RECORDS SUPPLIED:

>>

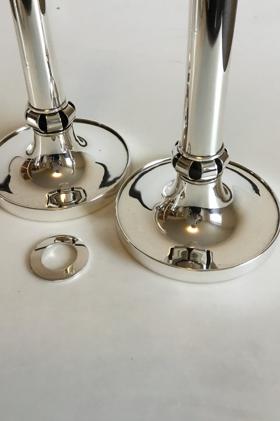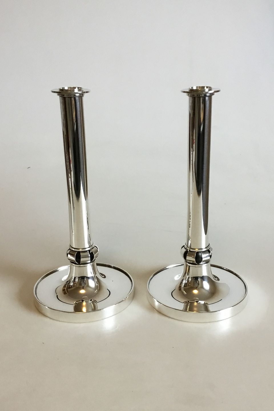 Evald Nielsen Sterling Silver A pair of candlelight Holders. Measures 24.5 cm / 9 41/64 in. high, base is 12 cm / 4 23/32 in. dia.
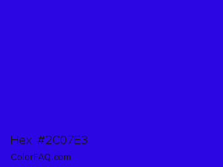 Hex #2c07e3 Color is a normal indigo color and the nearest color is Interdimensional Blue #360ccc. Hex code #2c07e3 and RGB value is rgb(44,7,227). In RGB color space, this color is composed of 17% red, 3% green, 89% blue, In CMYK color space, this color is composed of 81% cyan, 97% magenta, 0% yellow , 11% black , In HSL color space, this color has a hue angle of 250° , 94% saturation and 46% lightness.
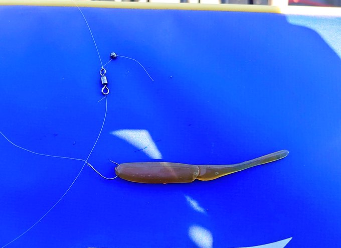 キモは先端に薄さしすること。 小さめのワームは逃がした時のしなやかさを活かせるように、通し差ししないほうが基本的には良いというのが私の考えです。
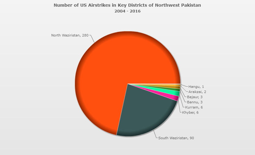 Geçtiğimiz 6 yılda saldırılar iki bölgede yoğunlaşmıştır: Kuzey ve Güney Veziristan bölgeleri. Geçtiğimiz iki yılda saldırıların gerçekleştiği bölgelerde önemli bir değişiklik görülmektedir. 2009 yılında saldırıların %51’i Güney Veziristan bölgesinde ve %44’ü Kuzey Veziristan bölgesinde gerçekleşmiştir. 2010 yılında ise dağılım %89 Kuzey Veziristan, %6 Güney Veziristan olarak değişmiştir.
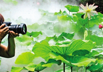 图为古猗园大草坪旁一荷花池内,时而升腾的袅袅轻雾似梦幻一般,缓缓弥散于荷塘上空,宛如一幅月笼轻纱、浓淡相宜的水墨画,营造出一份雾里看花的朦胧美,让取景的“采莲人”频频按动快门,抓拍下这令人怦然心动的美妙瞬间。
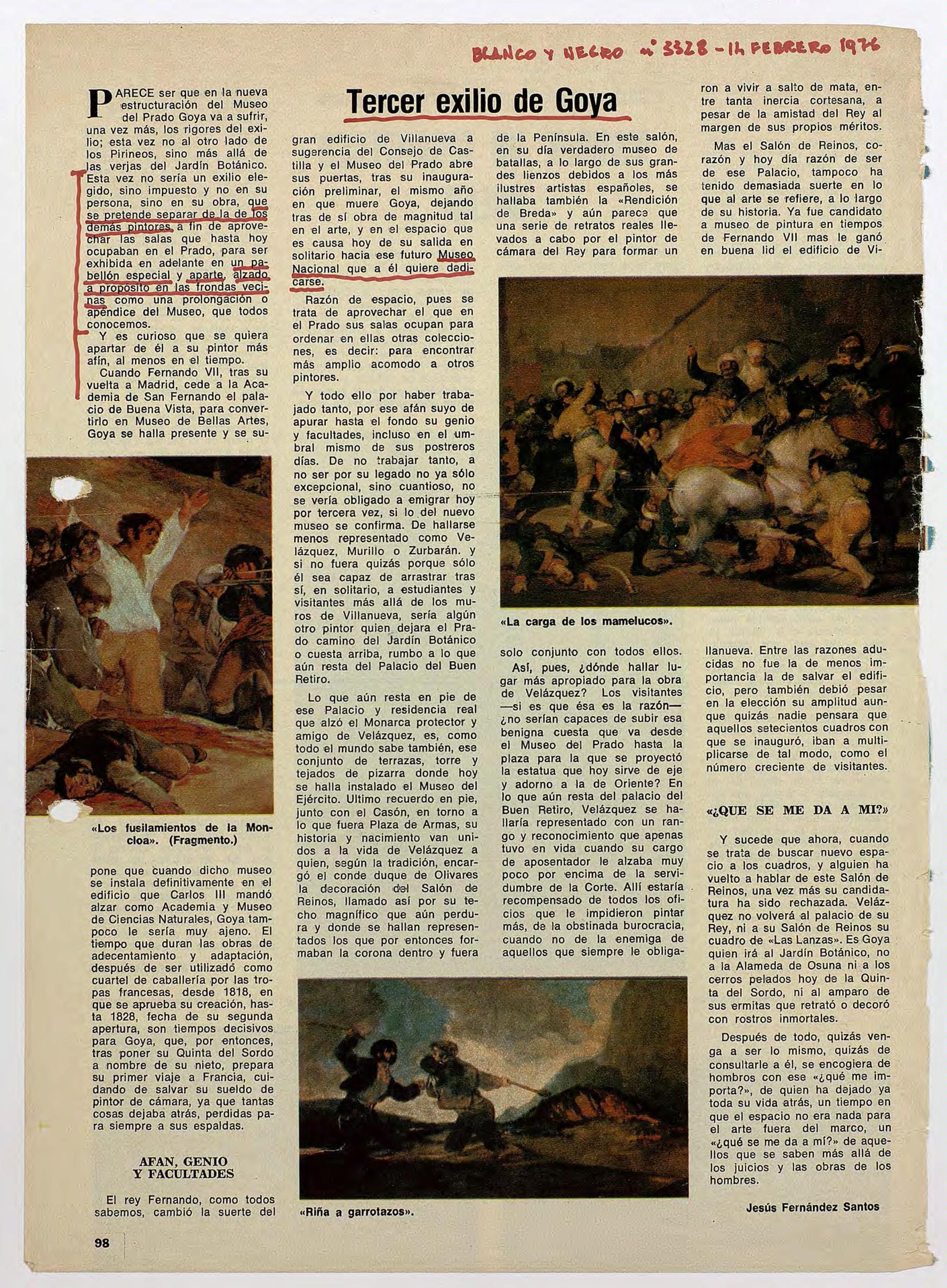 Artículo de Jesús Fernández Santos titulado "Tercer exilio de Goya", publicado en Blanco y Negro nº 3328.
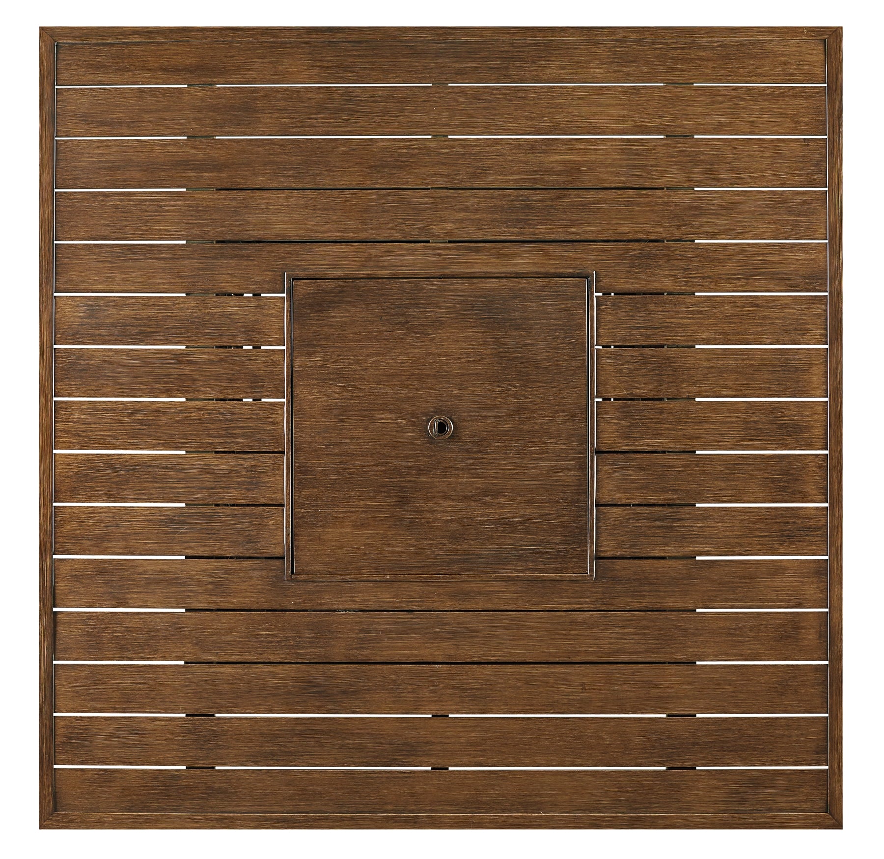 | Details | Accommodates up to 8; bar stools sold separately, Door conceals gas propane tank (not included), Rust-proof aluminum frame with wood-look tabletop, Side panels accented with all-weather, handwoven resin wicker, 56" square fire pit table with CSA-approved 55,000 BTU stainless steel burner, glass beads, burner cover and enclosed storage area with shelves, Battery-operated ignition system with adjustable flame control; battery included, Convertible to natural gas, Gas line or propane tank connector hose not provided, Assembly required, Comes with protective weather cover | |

<<
>>

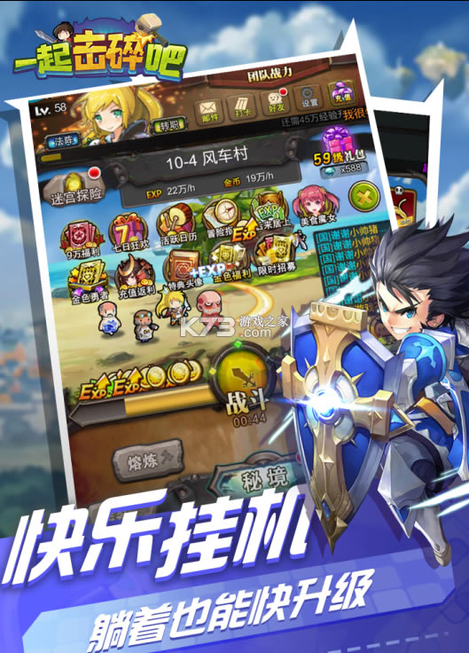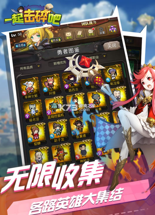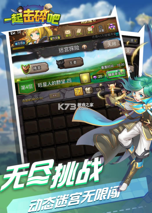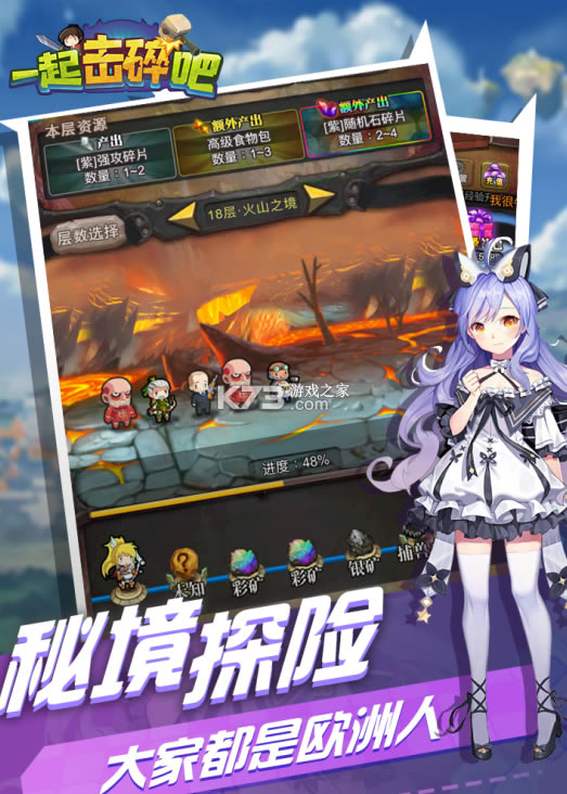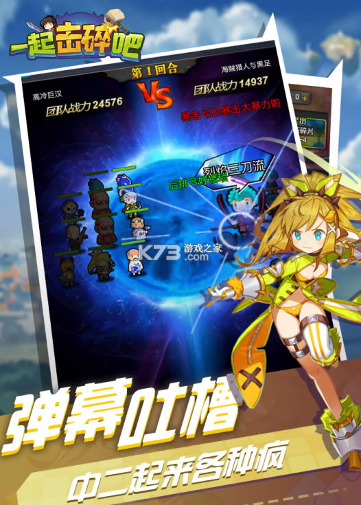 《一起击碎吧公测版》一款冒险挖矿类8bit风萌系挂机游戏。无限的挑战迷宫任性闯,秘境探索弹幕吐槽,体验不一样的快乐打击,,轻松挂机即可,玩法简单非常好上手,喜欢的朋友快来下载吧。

<<

TASK DIRECTIONS: "Evald Nielsen Sterling" marks the first line to copy, and "Hex #2c07e3 Color" marks the last. Repeat that stretch above exactly, with no pictures.

WRITTEN RESPONSE:
 Evald Nielsen Sterling Silver A pair of candlelight Holders. Measures 24.5 cm / 9 41/64 in. high, base is 12 cm / 4 23/32 in. dia.
 Hex #2c07e3 Color is a normal indigo color and the nearest color is Interdimensional Blue #360ccc. Hex code #2c07e3 and RGB value is rgb(44,7,227). In RGB color space, this color is composed of 17% red, 3% green, 89% blue, In CMYK color space, this color is composed of 81% cyan, 97% magenta, 0% yellow , 11% black , In HSL color space, this color has a hue angle of 250° , 94% saturation and 46% lightness.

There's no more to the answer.